The 2-d vector, in this example, is written to by tilestored.

The AMX Vector Dialect is now ready for review. It is a rather large drop, so below is a brief description. Everything seems to work, including three full integration tests (running on a Sapphire Rapids emulator), but the documentation around AMX and its intrinsics is sometimes a bit “sparse” so please let me know if you encounter issues. It tried to make this a nice demonstration of the power of MLIR’s progressive lowering from pleasant high-level VV abstractions into efficient, but much more detailed low-level HWV code.
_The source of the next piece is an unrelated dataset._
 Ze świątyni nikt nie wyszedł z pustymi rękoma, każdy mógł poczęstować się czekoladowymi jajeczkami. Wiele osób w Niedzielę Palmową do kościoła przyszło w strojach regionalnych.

(1) The AMX dialect in MLIR itself is very concise, it consists of just a few new vector operations.

     amx.tilezero
     amx.mulf/muli
     amx.tileload/store

All these operations work on concepts familiar within the MLIR framework: 2-d vectors and memrefs. For example, clearing a tile within an enveloping buffer can be done as follows.

%1 = amx.tilezero : vector<16x16xi32>
amx.tilestore %arg0[%i, %j], %1 : memref<?x?xi32>, vector<16x16xi32>

The idiomatic TMUL operations look as follows.
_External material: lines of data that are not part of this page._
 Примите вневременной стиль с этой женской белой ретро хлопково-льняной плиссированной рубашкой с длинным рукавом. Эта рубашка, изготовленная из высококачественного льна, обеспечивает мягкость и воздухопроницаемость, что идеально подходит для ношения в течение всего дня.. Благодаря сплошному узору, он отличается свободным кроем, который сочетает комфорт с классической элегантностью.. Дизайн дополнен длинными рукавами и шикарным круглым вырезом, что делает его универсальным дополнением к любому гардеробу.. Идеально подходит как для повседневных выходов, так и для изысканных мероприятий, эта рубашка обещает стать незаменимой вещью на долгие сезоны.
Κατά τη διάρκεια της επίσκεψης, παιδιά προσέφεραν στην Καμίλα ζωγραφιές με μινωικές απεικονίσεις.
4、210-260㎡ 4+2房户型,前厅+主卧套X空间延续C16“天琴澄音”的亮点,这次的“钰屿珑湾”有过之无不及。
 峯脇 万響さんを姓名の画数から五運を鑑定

 %0 = amx.tilemulf %a, %b, %c
    : vector<16x32xbf16>, vector<16x32xbf16>, vector<16x16xf32>

The dialect verifies that the types and shapes are actually supported by AMX.

(2) The AMX dialect is lowered into an LLVMAMX dialect, which is closer to the compiler-oriented “internal” intrinsics of LLVM IR. The lowering takes care of some tedious details, such as providing tile parameters, stride computations, and instruction selection. The “amx.multf” is lowered to ‘tdpbf16ps’ and “amx.multi” to one of the ‘tdpbssd’, ‘tdpbsud’, ‘tdpbusd’, or ‘tdpbuud’ intrinsics. All this is completely transparent to the higher levels, though.
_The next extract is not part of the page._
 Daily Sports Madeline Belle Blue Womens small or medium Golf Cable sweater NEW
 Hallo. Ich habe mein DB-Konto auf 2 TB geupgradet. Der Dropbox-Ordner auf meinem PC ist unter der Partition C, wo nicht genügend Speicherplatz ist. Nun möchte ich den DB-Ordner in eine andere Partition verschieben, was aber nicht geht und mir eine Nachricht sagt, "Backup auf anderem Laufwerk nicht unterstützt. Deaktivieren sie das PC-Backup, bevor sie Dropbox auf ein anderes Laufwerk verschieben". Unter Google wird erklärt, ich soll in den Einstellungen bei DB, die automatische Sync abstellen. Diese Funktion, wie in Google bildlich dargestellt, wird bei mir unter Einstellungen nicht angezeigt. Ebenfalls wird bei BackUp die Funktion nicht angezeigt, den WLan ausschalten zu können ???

The example above lowers to the following.

%45 = "llvm_amx.tdpbf16ps"(%43, %42, %44, %40, %28, %28) : (i16, i16, i16, !llvm.array<16 x vector<16xf32>>, !llvm.array<16 x vector<32xbf16>>, !llvm.array<16 x vector<32xbf16>>) -> !llvm.array<16 x vector<16xf32>>

(3) This dialect is further lowered into LLVM IR dialect. At this point, the x86_amx type comes into play.

%47 = call x86_amx @llvm.x86.tdpbf16ps.internal(i16 16, i16 64, i16 64, x86_amx %46, x86_amx %37, x86_amx %37)

(4) The LLVM IR dialect is eventually handed off the LLVM. The backend converts the intrinsics into instructions and adds the necessary tile configuration instructions.

A sample configuration set up and actual kernel instructions are illustrated below.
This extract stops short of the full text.